■ **PROBLEM TO SOLVE**
Please keep the images out and set down the data exactly as given.

■ **SUPPLIED DATA**
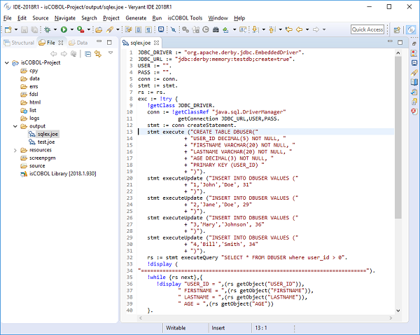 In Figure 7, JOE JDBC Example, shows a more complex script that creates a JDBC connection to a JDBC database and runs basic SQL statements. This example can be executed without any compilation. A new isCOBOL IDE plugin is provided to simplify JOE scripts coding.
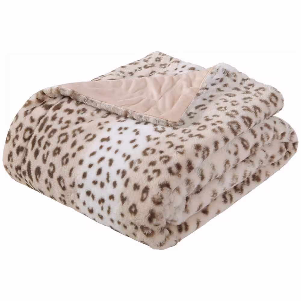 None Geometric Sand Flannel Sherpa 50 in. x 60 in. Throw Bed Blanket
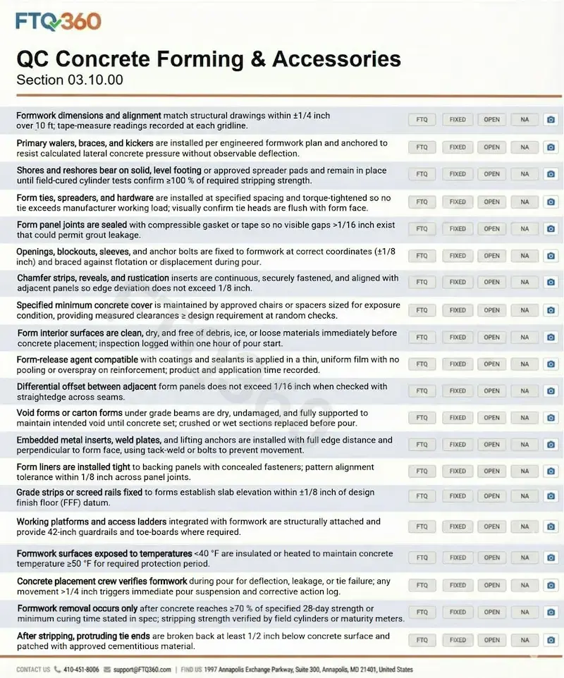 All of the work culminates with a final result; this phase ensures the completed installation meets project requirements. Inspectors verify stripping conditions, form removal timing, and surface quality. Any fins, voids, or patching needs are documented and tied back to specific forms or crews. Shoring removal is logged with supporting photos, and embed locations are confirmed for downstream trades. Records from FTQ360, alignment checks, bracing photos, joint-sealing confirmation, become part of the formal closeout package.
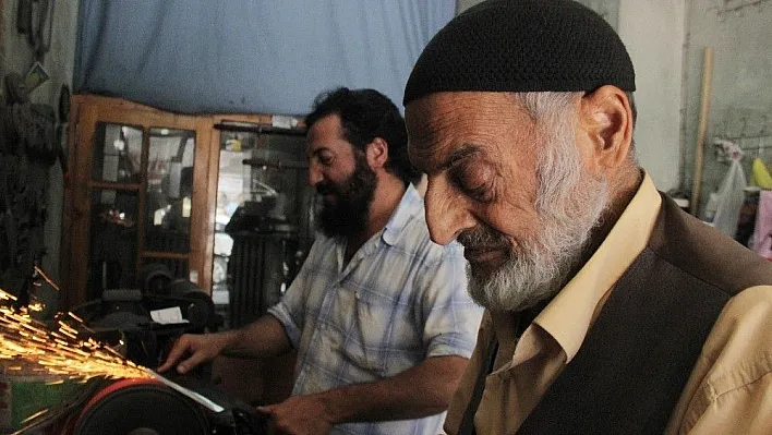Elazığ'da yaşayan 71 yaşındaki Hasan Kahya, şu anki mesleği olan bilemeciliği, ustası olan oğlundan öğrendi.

■ **SOLUTION TO THIS PROBLEM**
 In Figure 7, JOE JDBC Example, shows a more complex script that creates a JDBC connection to a JDBC database and runs basic SQL statements. This example can be executed without any compilation. A new isCOBOL IDE plugin is provided to simplify JOE scripts coding.
 None Geometric Sand Flannel Sherpa 50 in. x 60 in. Throw Bed Blanket
 All of the work culminates with a final result; this phase ensures the completed installation meets project requirements. Inspectors verify stripping conditions, form removal timing, and surface quality. Any fins, voids, or patching needs are documented and tied back to specific forms or crews. Shoring removal is logged with supporting photos, and embed locations are confirmed for downstream trades. Records from FTQ360, alignment checks, bracing photos, joint-sealing confirmation, become part of the formal closeout package.
Elazığ'da yaşayan 71 yaşındaki Hasan Kahya, şu anki mesleği olan bilemeciliği, ustası olan oğlundan öğrendi.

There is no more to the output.